▶ ABOUT THIS EXERCISE
Your output should be the lines below from the one holding "วัดเข็กนึ่ง" through the one holding "uit Lhasa ...", transcribed exactly, with no pictures.

Segment Open

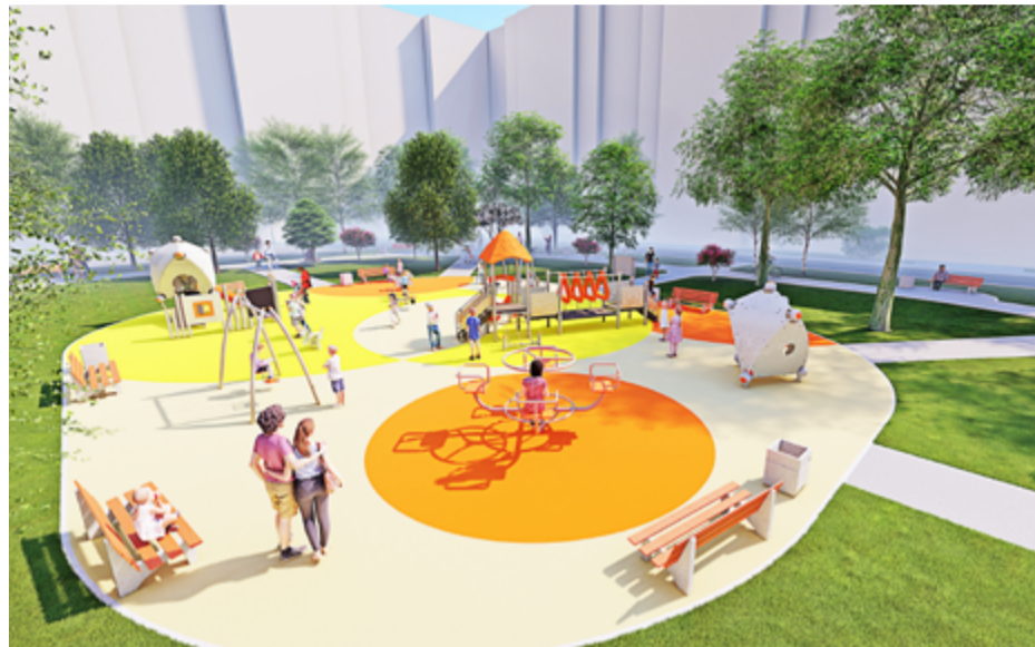
Проект площадки на проспекте Королева, 32, к. 2
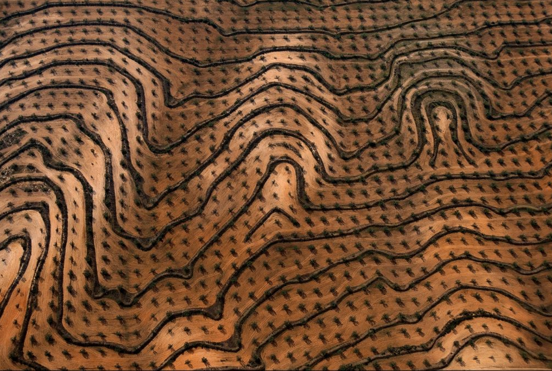
Nouvelles plantations d'oliviers, gouvernorat de Zaghouan, Tunisie (36°24' N - 10°23' E) http://www.yannarthusbertrand.com
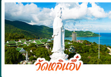
วัดเข็กนึ่ง
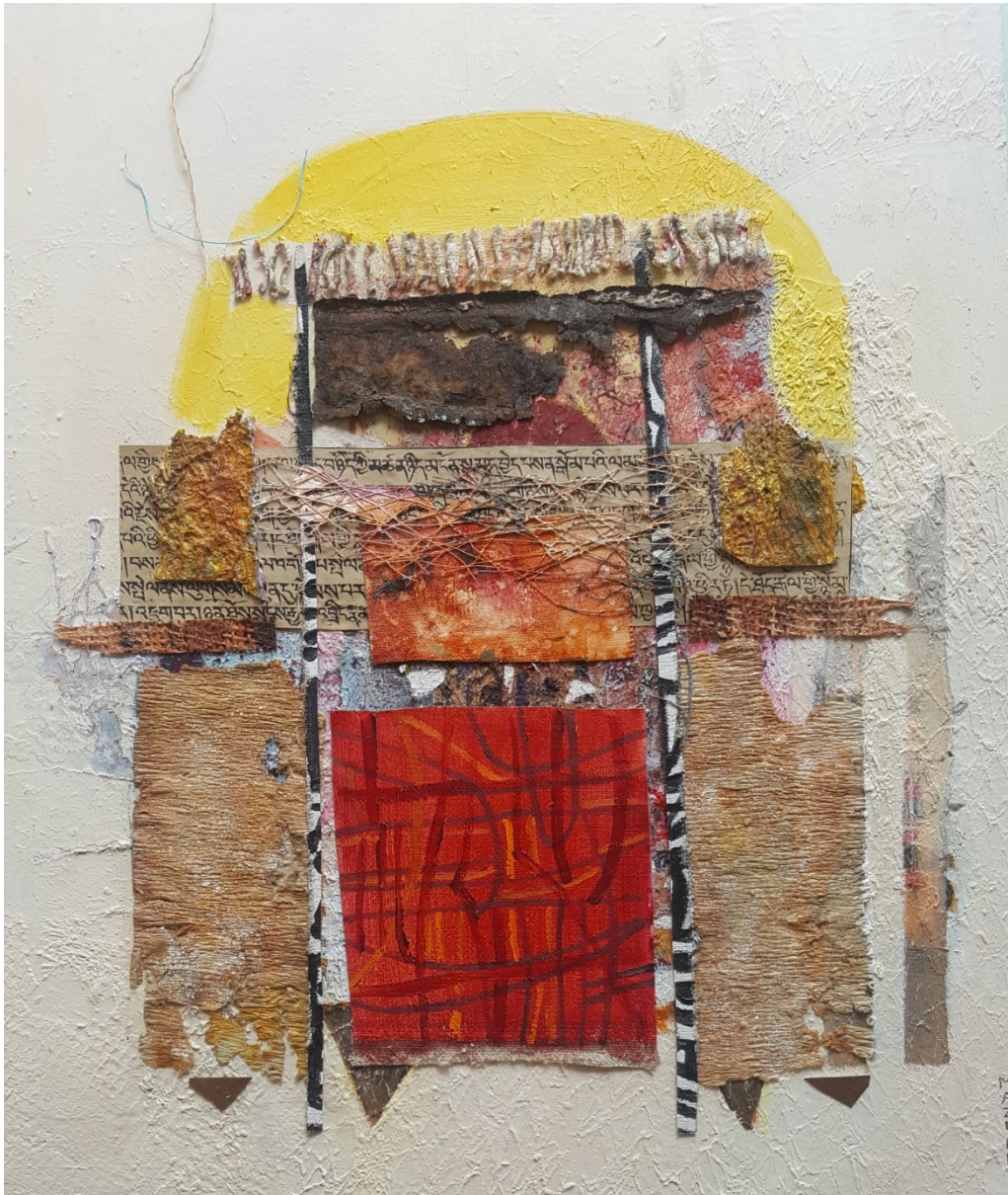
... werk zonder titel nog, met de streepjes, stukje oud ijzer, jute satijndraden, wc-papier uit Oezbekistan en papierfragmenten uit Lhasa ...

“Ik gebruik voornamelijk olieverf en doop de penseel in de tube of druk de verf meteen op het doek uit. Verf is duur, ik wil niets vermorsen. Ik werk met linnen doek op grote rollen. Dat linnen is geprepareerd voor olie- en acrylverf. Ik span zelf het doek op spielatten op in elke gewenste maat, nu vooral in het vierkant. Dat is een heel precies werkje, vergelijk het maar met glas zetten. Het is telkens weer een uitdaging om dan op zo’n leeg wit doek een ‘verhaal in verf’ te starten. Kijk, in dit roze werk zit een ‘rammeltje’, ik vind het eigenlijk een stevige rammel. Daar moet ik nog verder mee. Ik werk dan ook altijd aan verschillende werken tegelijk.”
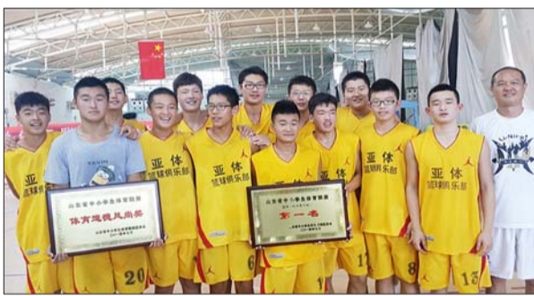
8月12日,山东省中小学生体育联赛篮球初中组比赛结束,最终济南五中男子篮球队九战九胜获得冠军。
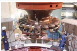
水車分解組立点検
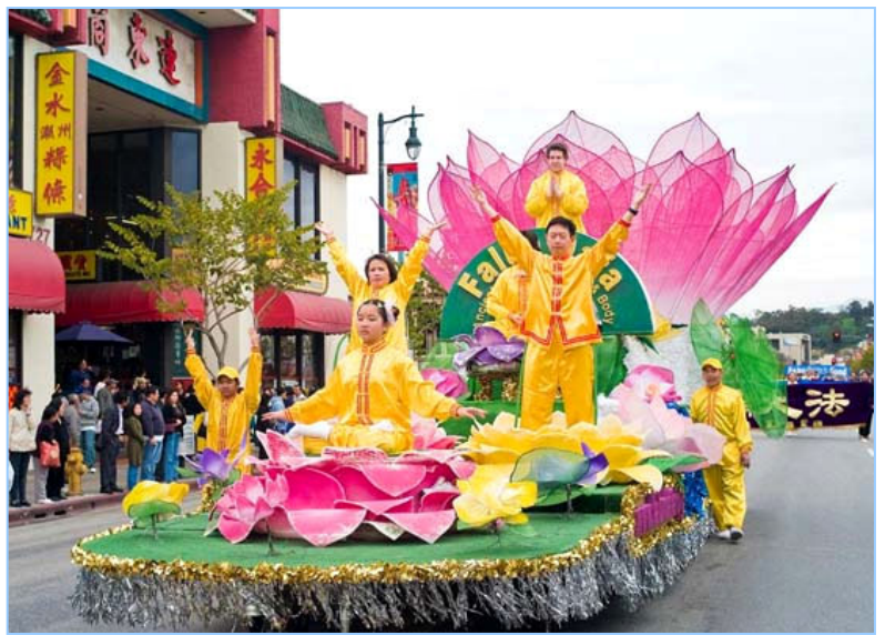
▲中西方法轮功学员在莲花车上展示法轮功的五套功法
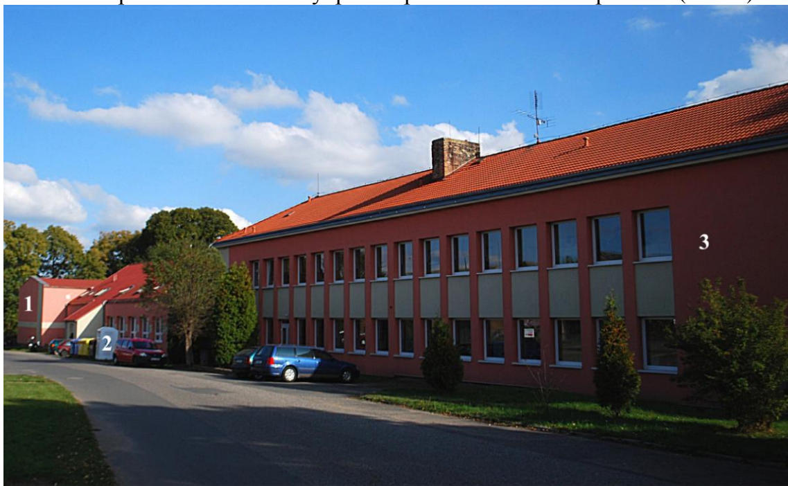
1- tělocvična, 2- školní dílny ( + byty OÚ ), 3- hlavní budova školy

severní pohled na areál školy po zateplení a stavebních úpravách ( 2014 )
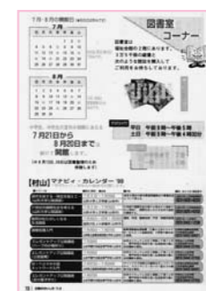
平成11年6月には広報おおいだの隔月刊「図書室コーナー」が始まりました
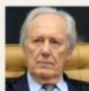
Palestrante: Min. Enrique Ricardo Lewandowski Ministro, aposentado do STF e do TSE; Professor Titular, aposentado da Faculdade de Direito da USP (Largo São Francisco)
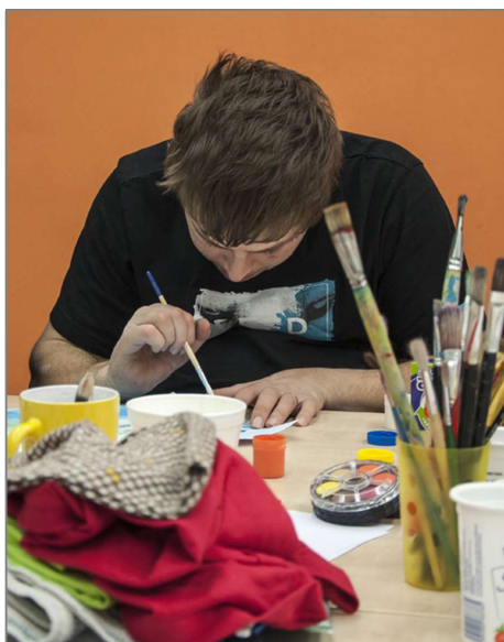
Arteterapii k sebepoznání

Na setkáních budeme tvořit, ale budeme o dílech také mluvit – o tom, co jsme vytvořili a jaké to pro nás bylo. Budeme mluvit o významech, pocitech náladách či přáních. Využijeme také krátké relaxace a imaginace.
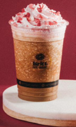
BERRY DELIGHT FRAPPINO $115.00
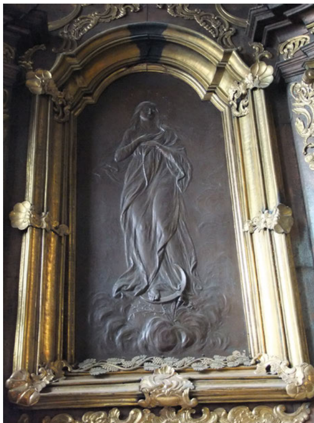
6. Płaskorzeźba Matka Boska Niepokalana – zaszuwa na obrazie Matki Boskiej Pocieszenia, wykonał Piotr Wójtowicz. Fot. A. Betlej 2011

ogłoszenie uroczystej nowenny w dniach 19–27 maja, z trzykrotnym wystawieniem Najświętszego Sakramentu i kazaniami 14 .
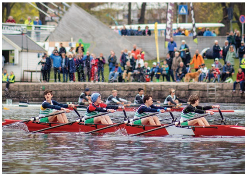
HJB 4x, sprintduell 2019
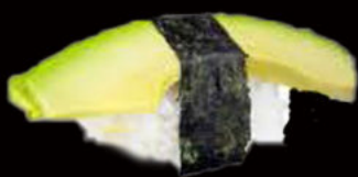
54. Nighiri avocado 2.00€
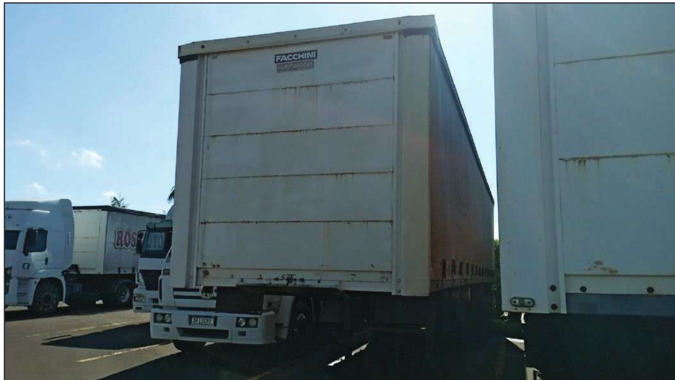
ITEM 002 - SEMI-REBOQUE FURGÃO RANDON PLACA: CTX-5979
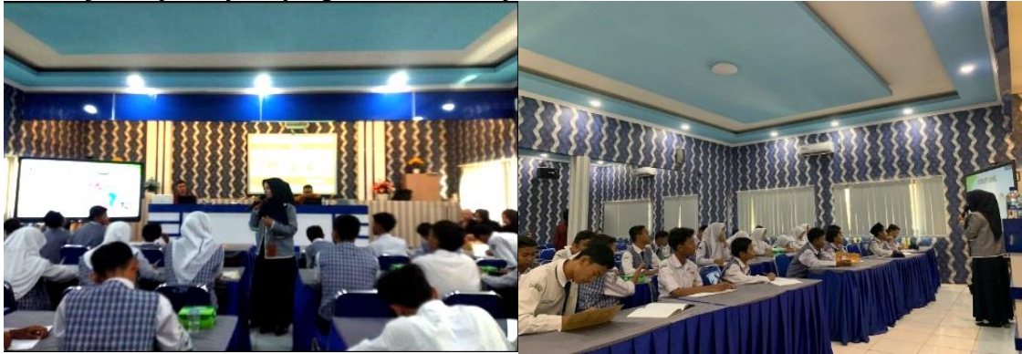
Gambar 5. Kegiatan Seminar Literasi Finansial

pengelolaan keuangan, dan tahap ketiga sesi tanya jawab. Pada tahap pertama, pemateri memaparkan materi dasar literasi finansial. Peserta diberikan pertanyaan pemantik seputar keuangan. Pemateri bertanya kepada perwakilan peserta baik dari perempuan maupun laki-laki mengenai barang atau benda apa yang pernah dibelinya. Setelah itu, pemateri menjelaskan konsep keuangan, bahwa keuangan merupakan hal primer yang menunjang kehidupan manusia dan perlu ilmu pengetahuan yang cukup dalam pengelolaannya. Antusiasme peserta dapat dilihat selama jalannya diskusi pada kegiatan seminar ini, para peserta aktif memperhatikan penjelasan materi yang diberikan, mencatat hal-hal penting yang berkaitan dengan literasi keuangan, dan turut aktif menjawab pertanyaan yang diberikan oleh pemateri.
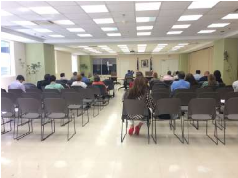
Participación en Vistas Públicas sobre Reglamento Compostaje Junta de Calidad Ambiental 12/3/15
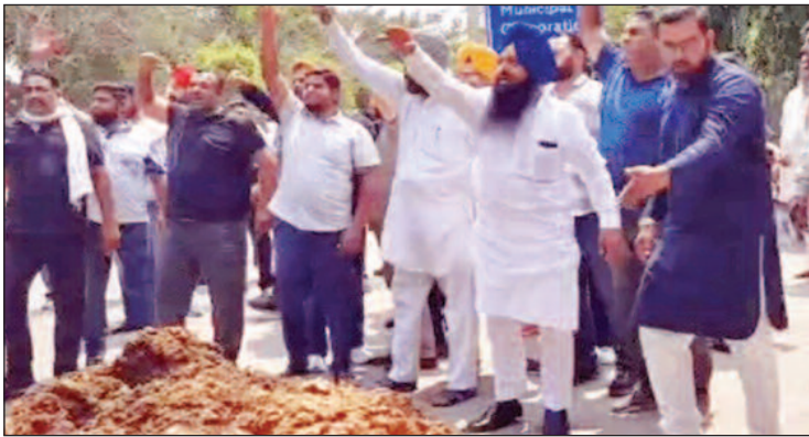
निगम ऑफिस बाहर फेंका गया गोबर
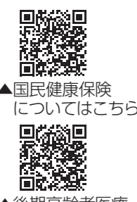
▲ 国民健康保険についてはこちら

事前に電話で相談した上で、市ホームページにある申請書や必要書類を窓口または郵送で提出してください。
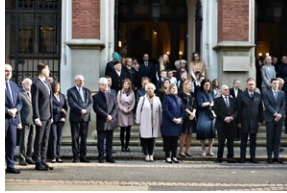
84. rocznica Songeraktion Krakau.

Segment Closed

▶ REPLY TO THE TASK
วัดเข็กนึ่ง
... werk zonder titel nog, met de streepjes, stukje oud ijzer, jute satijndraden, wc-papier uit Oezbekistan en papierfragmenten uit Lhasa ...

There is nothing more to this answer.